Development and clinical application of lateral malleolus plate

3.1 Improper mastery of initial surgical indications The lumbar and leg pain of the elderly is often caused by multi-factorial pathological changes. At the same time as spinal canal stenosis, osteoporosis, lumbar spondylolisthesis, peripheral neuropathy, and lumbar muscle strain may occur. Before the first operation, a careful medical examination combined with the necessary imaging and neuroelectrophysiological examinations will comprehensively analyze the cause of the patient's low back and leg pain and carefully identify related diseases. In this group, 2 women over the age of 60 suffered from osteoporosis for many years. After spinal canal decompression, they had been suffering from low back pain. Their movements were significantly restricted, and their lower back and lower limbs were weak. After waist circumference protection and anti-osteoporosis treatment, symptoms improved.

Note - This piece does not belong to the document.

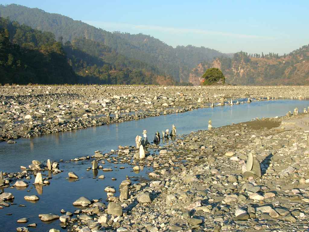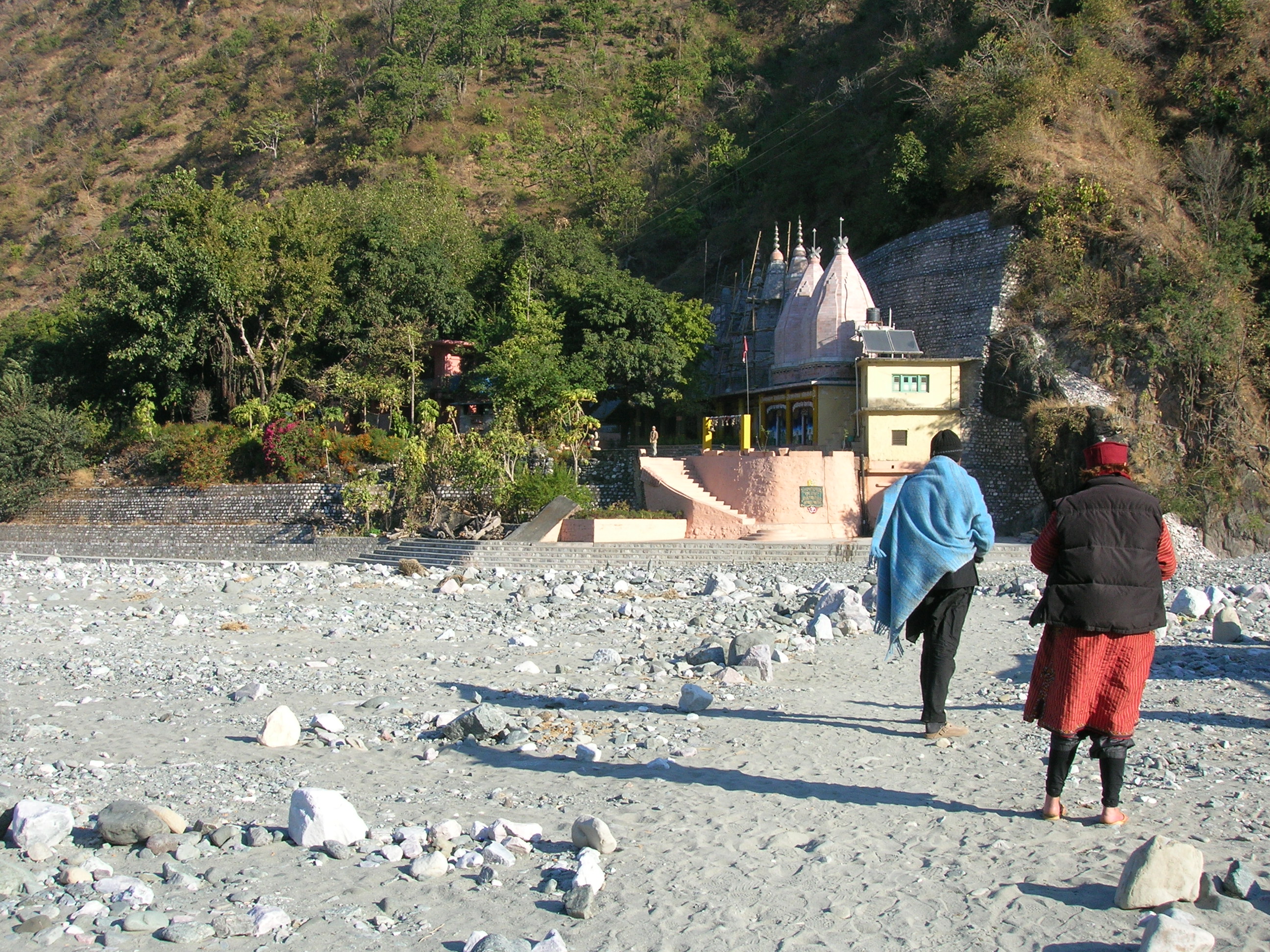 L’ultimo pezzo di strada per raggiungere l’Ashram lo abbiamo percorso a piedi, con gli zaini sulle spalle, camminando lungo il letto del fiume. La presenza del Geshe, al mio fianco, mi faceva sentire protetta, ma allo stesso tempo dentro di me pensavo che non ce l’avrei fatta! Il paesaggio, il fiume, le case, e i templi colorati e decorati con le immagini delle divinità induiste…tutto era meraviglioso, ma al tempo stesso così lontano e diverso da ciò che per me era familiare. Non nascondo che mi è venuto quasi un attacco di panico!!!

3.2 Improper operation timing Spinal stenosis causes the pressure of the nerve and blood supply in the spinal canal to increase, which may lead to ischemia of the cauda equina nerve and subsequent demyelination changes, resulting in persistent pain. Once irreversible nerve damage occurs, the improvement of postoperative symptoms is often unsatisfactory. Fifteen patients in this group still had limb numbness after spinal canal decompression, and 3 patients had partial bladder and rectum dysfunction, and the neurotrophic drug treatment effect was not satisfactory.

3.3 Lumbar spine instability For degenerative lesions, lumbar spinal stenosis and lumbar spine instability often coexist, so the patient's spinal stability must be evaluated before the initial surgery. For patients who have had instability or spondylolisthesis before surgery, not only to fully decompress, but also to restore the stability of the lumbar spine. Extensive resection of the posterior structure, especially excessive excision of the facet joints, can lead to spinal instability, and internal fixation fusion is particularly necessary to prevent iatrogenic instability.

3.4 Incomplete decompression of spinal canal stenosis caused severe compression of nerve roots and cauda equina nerves in the spinal canal. Factors of compression may include lamina thickening, articular process hyperplasia, hypertrophy of the ligamentum flavum, intervertebral disc herniation, and posterior bone Many factors, such as hyperplasia and intervertebral foramen stenosis, coexist, so thorough decompression is the key to treatment.

Inadequate decompression of the lateral recess and intervertebral foramen is an important reason for the postoperative nerve root compression symptoms | 1. 3.5. Adhesion of scars in the spinal canal The group of 6 patients had symptoms that gradually eased after the initial angle relief after the first operation. Symptoms of root pain appear. During the operation, laminar new bone formation was found in the spinal canal, there was serious adhesion of scar tissue around the nerve root and the dural sac, the activity of the nerve root was significantly reduced, and it was easily pulled to produce root pain. Post-operative adhesion is generally inevitable, and we take some measures to reduce the occurrence of adhesion. Our experience is: ① gentle operation during operation to avoid excessive damage to surrounding normal tissues; ② complete hemostasis with bipolar electrocoagulation before closing the incision; ③ rinse the incision with a large amount of normal saline to remove tissue debris and blood clots, Both can reduce adhesions and reduce the risk of infection; ④ covering the dura sac and nerve roots with sodium hyaluronate can effectively reduce adhesions | 2 |; ⑤ incision drainage; ⑥ cross-kick exercise on the bed after operation can make the nerve roots Continuously slide to form an active channel to avoid serious adhesion.

3.6 Myogenic pain in the lumbar and back patients with degenerative lumbar spinal stenosis may have a certain degree of muscle strain on the lumbar and back, and the operation of the operation has increased the metabolic disorder of the ligaments of the muscles. The patient has a long history of bed rest after the operation. If there is no effective exercise for the lower back muscles, the patient often has recurrent chronic low back pain. Postoperative functional exercise of the lower back muscles should be regarded as an effective method of prevention and treatment.